Tuma noted that this is the key point and reframes it as “Does the testimony go to evidence of elements of the charge - or just how you get to such evidence?” He continues by explaining, “it’s the difference between taking ‘testimonial’ from how it is communicated versus what is being communicated.”
In the past, the protection centered simply on the how instead of exploring the substantive value of what was communicated. In this case, the prosecution successfully argued that what was as important.
Tuma clarified the principle difference as ““The mind has to be extensively used in creating the response or relate him to the offense.”
What it means for security leaders
While the specifics and nuances of this case made the argument valid (at least for now), this clearly demonstrates how the law evolves. Even with the precedent previously set.
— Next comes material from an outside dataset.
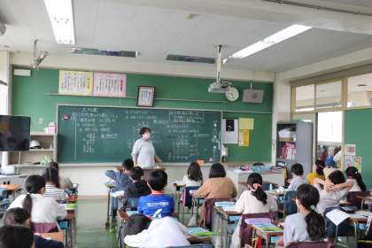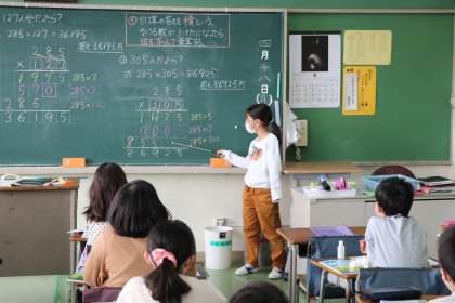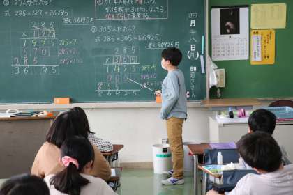 4年生の算数の授業です。大きなかけ算の学習をしていました。自分の考えを前に出てみんなに説明する場面もありました。自分の言葉でわかりやすく説明できていました。

As Shawn pointed out, “it's really a pretty easy approach to understanding law – each case builds on something else and usually there's only one or two lines in a case that really turn it one way or the other it's just a matter of figuring out where that is."
When we ponder “How does the law adapt to new technology?”
This is how.
Tuma summarized the importance of this opinion by explaining, “the methodology that the court used provides a nice example of the evolution of law through the common law method -- which is how the law has traditionally adapted to address new issues."
This is how we advance for better and for worse. It’s a lengthy process. We have a role in it, too. Make time to sit with your legal team to discuss the case and explore implications for your organization. Learn from their experience and offer your insights, too. This way we all get a bit better.